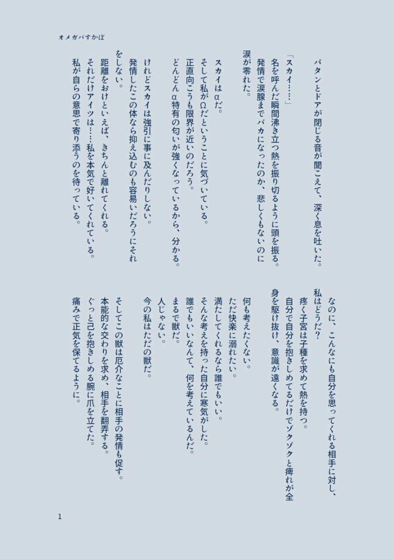 はいびす☆quiet followREHABILIオメガバースなみすかず派生スカポーα船長×Ωポールさんポールさんの矜持の話 ##みすかず ##スカポー show all(+1 images) Tap to full screen (size:888x1260).Repost is prohibited Let's send reactions! freqpopularsnackothersPayment processing Replies from the creator Follow creator you care about!☆quiet follow はいびすMEMO4周年キーホルダーの行方まとめ*ネタバレ注意 356 はいびすMAIKING海賊に捕まって薬打たれたポールさんを助けに来たと見せかけて、そのまま監禁調教する船長がみたくて書いた。※スカポー 2 はいびすMAIKING心が読めるようになったぴこが、片想いの相手であるすみーの心を読んでもだもだする話(になる予定だった)※すみーはでてきません。最終的にはみすかず 6 はいびすMAIKINGひょすめ(兵皇)裏でメモ書きしてた初めてのキスの話。みすかず要素あり。じゃあするぞと確認すると、十座さんはああと頷いた。 意を決して目を閉じ唇を突き出す。 所謂キス待ち顔ってやつをしてみる。 こういう芝居はいままで何度もしてきたはずなのに、自分の意思でとなると恥ずかしくて、目を閉じてるのもあって徐々に不安になってくる。 待っている感触も降りてこなくて、本当にこれであってるんだろうか……なんて考えていたら、かさついたでも柔らかいものが触れた。 ふいうちだったから、思わず肩が跳ねた。 ただ触れているだけだ。 だけどオレにとっては初めての……。 ああまずい。心臓が痛いくらいバクバク音を立てている。 この音が聞こえたらどうしよう。 ぎゅっと服の裾を握る。 でもキスには段階があって、今してるキスはまだ序の口。『恋人のキスがしたいなら、ヒョードルの唇をテンテンの唇で軽く、はむっとするといいかも! オレがそうするとすみーが恋人のちゅーしてくれるんだよねー』と以前恋人らしいことをしたいと相談した時、一成が得意気に言っていたのを思い出した。 はむっと……してみるか? はむっていうのがよく分からないが……。 相変わらず相手は固まったまま動かない 1104 はいびすMEMO裏で呟いてたネタまとめぴこ派生龍族妄想。炎龍アラジン。魔人はアラジンの周囲にいる炎の精霊と会話ができ、アラジンが龍族の末裔の為、一族で虐げられてきたと把握してる。(枯渇の原因にされてきた)覚醒すれば人として生きていけなくなることも知っており、そうならないように監視してる。…という体で書いていたものの見事に脱線した。ぴこ派生龍族妄想。炎龍アラジン。魔人はアラジンの周囲にいる炎の精霊と会話ができ、アラジンが龍族の末裔の為、一族で虐げられてきたと把握してる。(枯渇の原因にされてきた)覚醒すれば人として生きていけなくなることも知っており、そうならないように監視してる。…という体で書いていたものの見事に脱線した。↓↓↓ 初めて主の肌にソレを見つけたのは、寝食を共にするようになって10日頃だった。 ソレは炎のように赤くしかし薄く硬いもので、光に当てると淡い光を帯びる。 数百年生きてきて話には聞いていたが、実際に手に取ったのは初めてものだった。 本人はソレを持つことに対して自覚がないようだった。 俺もソレを持つ一族が覚醒した後待ち受ける凄惨な末路を知っているから口にはしなかった。 そしてその日から、ソレを見つけた時は見つからないように処置を施してきた。 今日久方ぶりにソレを見つけた。 コレがある……ということは主の身に何か変化があったと言うことだ。 まだ夢の中の主を起こさぬように注意しながら服を捲る。 と、やはり「剥がれ落ちた」のだろう部分が火傷のように爛れていた。「んぅ… 1619 はいびすMOURNINGテキスト版お試し上げDomSubみすかず本でページの都合削った天馬との密会場所。一応こんな設定だった的なやつ。「ここー?」「た、たぶん?」 テンテンからオレ達だけに話があると連絡が来たのはそれから数日後だった。 すみーと2人で来るよう呼び出されたのは高級クラブの入口のような場所だった。 重厚な扉に黒ずくめにサングラスのガードマンらしきひとがいて、とてもじゃないけど近寄れない。 実際何人か追い払われて入店お断りされたのも見た。「やべー……ドレスコードとかいる系じゃんこれ」 テンテンはそれぞれLIMEで送った画像を見せれば大丈夫だって言ってるけど。 せめてそれっぽい服に着替えてから行った方がよくない? なのに待ちきれなかったのかすみーがてこてこ店の方に行ってしまった。「ちょっ! すみー!」「すみませーん」 慌てて追いかけると、ガードマンがオレ達の方を見た。「当店に何か御用でしょうか」 ドスの聞いた声で威圧をかけてくるガードマン。「あ、えっと……」 オレがどう切りだそうかと考えているとすみーが自分のスマホを見せた。「お願いしまーす」 スマホを受け取ったガードマンがスマホに向けて何かをかざした。 ぴーっという音がなり、ガードマンはすみーのスマホを胸の内側にしまった 1427
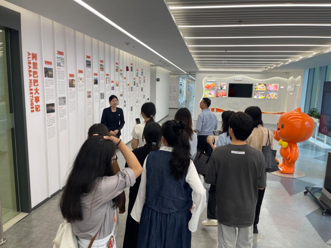 阿里巴巴的企业文化同样让同学们印象深刻。通过此次参观,我们看到了企业如何在管理中融入文化建设,从而提升员工的归属感和工作积极性。来自大三ACCA班级的刘嘉欣同学特别提到,阿里巴巴的企业文化和价值观在实际运营中得到了全面贯彻,这种客户第一、员工第二、股东第三”的理念增强了员工的凝聚力和创造力。大四的会计学专业的学生陈嘉欣则对阿里巴巴办公空间的设计和文化氛围表示赞赏,她感受到阿里巴巴对于创新的无尽追求,以及这种文化对企业长远发展的支撑作用。
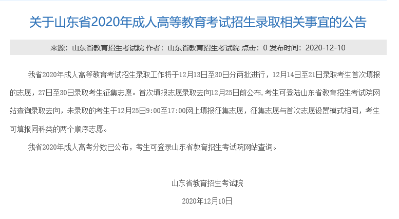 今日,山東省教育招生考試院發(fā)布關(guān)于山東省2020年成人高等教育考試招生錄取相關(guān)事宜的公告。
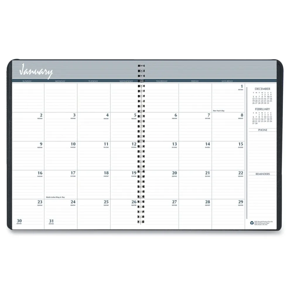 House of Doolittle 2620-02 11 in. x 8.5 in. 24-Month (Jan 2026-Dec 2027) Recycled Ruled Monthly Planner – Black Cover
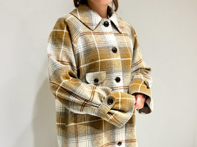 ドロップショルダーのゆったりした分量感がピークドラペルの襟元と絶妙にマッチ。きれいめからカジュアルまではまる万能コートです。おすすめのスタイリングは、トーンを揃えたグラデーションコーデ。
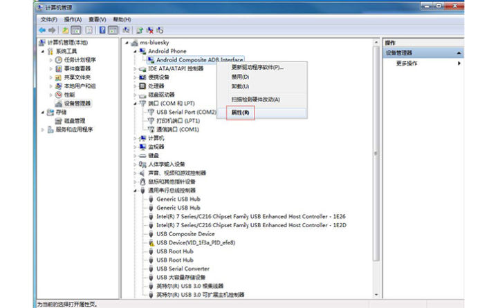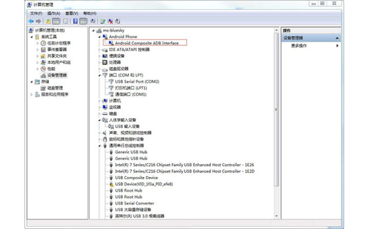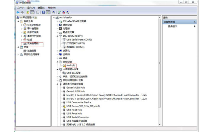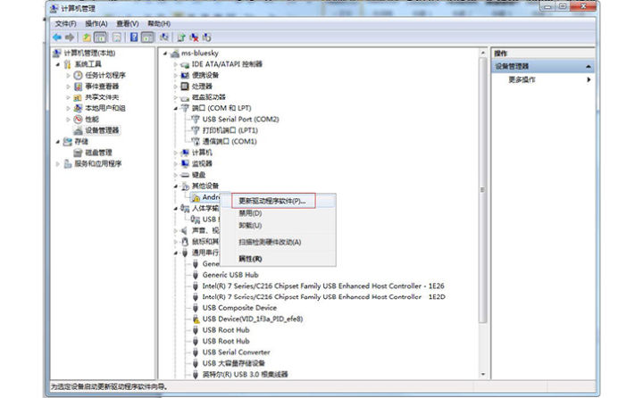 在windows 7的计算机管理,设备管理器中,安装adb驱动;
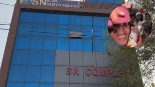 इसी गेस्ट हाउस में मारी गोलियां, इंसेट में मृतक।
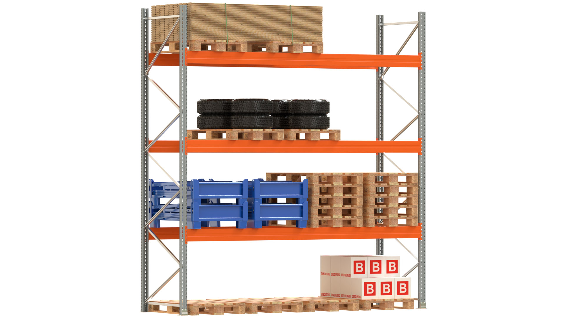 Palettenregal ARTUS - Breite 377 cm - Höhe 400 cm - Tiefe 110 cm - 3 Träger-Ebenen - Fachlast 3000 kg - 16 Palettenstellplätze
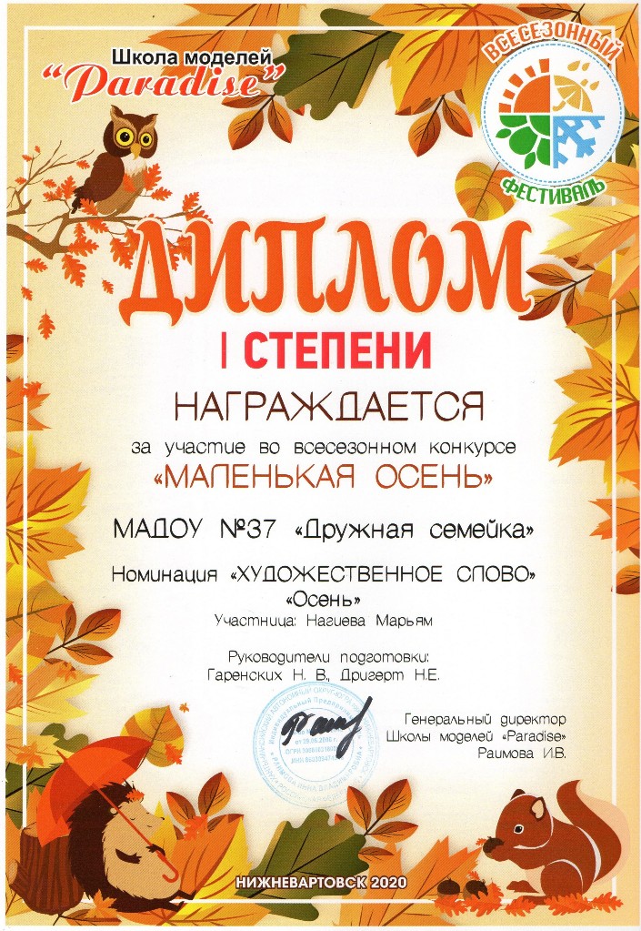 Муниципальный всесезонный конкурс "Маленькая осень" , Номинация "Художественное слово", 2020г., Нагиева М. |
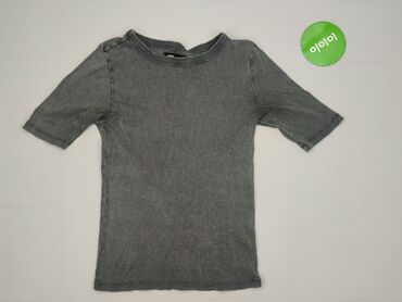 Sinsay – prążkowany T‑shirt damski - Rozmiar: XS - Kolor: jasnoszary/ecru z kontrastową białą lamówką przy rękawach i u dołu - Krój: dopasowany, krótki rękaw, okrągły dekolt - Materiał: 62% polies...
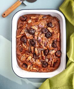 Το δημιουργικό χέρι του Γκίκα Ξενάκη προσθέτει κάστανα και μπέικον στη γενοβέζικη συνταγή της φοκάτσα με κρεμμύδια, η οποία αποκτά έτσι μεγαλύτερη γευστική ένταση και βάθος.
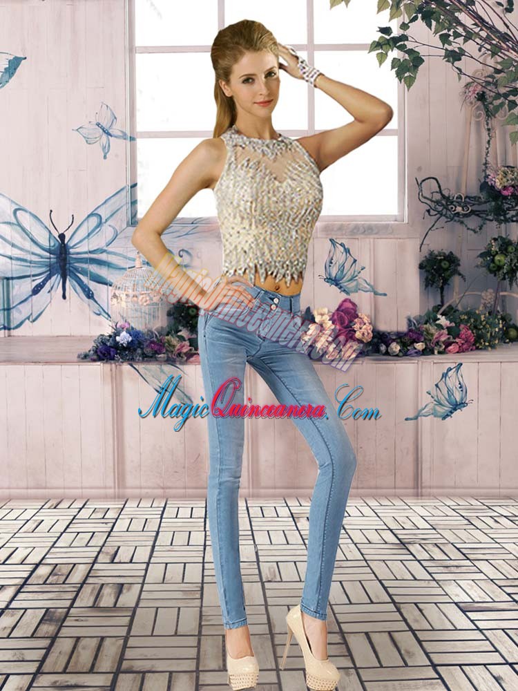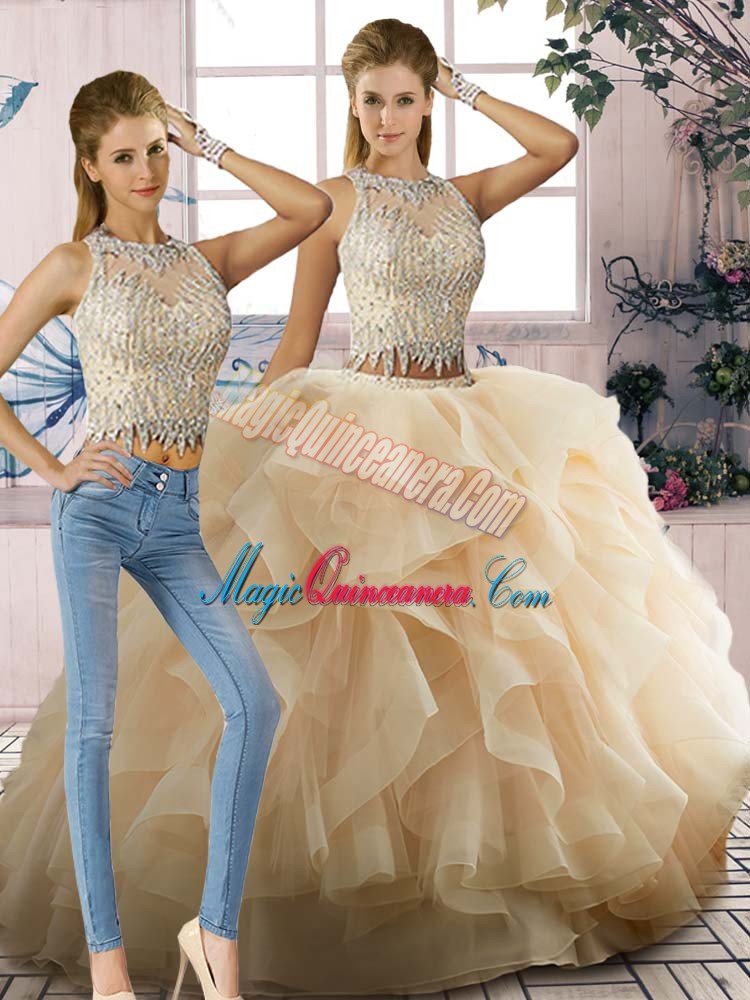 Champagne Zipper Scoop Beading and Ruffles Quinceanera Gowns Tulle Sleeveless

※ ※ ※

--- Assigned task ---
Reproduce, word for word, everything in the listing above from the line containing "Palettenregal ARTUS - Breite" down to the line containing "Sinsay – prążkowany", both of them included. No pictures.

--- Answer space ---
 Palettenregal ARTUS - Breite 377 cm - Höhe 400 cm - Tiefe 110 cm - 3 Träger-Ebenen - Fachlast 3000 kg - 16 Palettenstellplätze
 Муниципальный всесезонный конкурс "Маленькая осень" , Номинация "Художественное слово", 2020г., Нагиева М. |
 Sinsay – prążkowany T‑shirt damski - Rozmiar: XS - Kolor: jasnoszary/ecru z kontrastową białą lamówką przy rękawach i u dołu - Krój: dopasowany, krótki rękaw, okrągły dekolt - Materiał: 62% polies...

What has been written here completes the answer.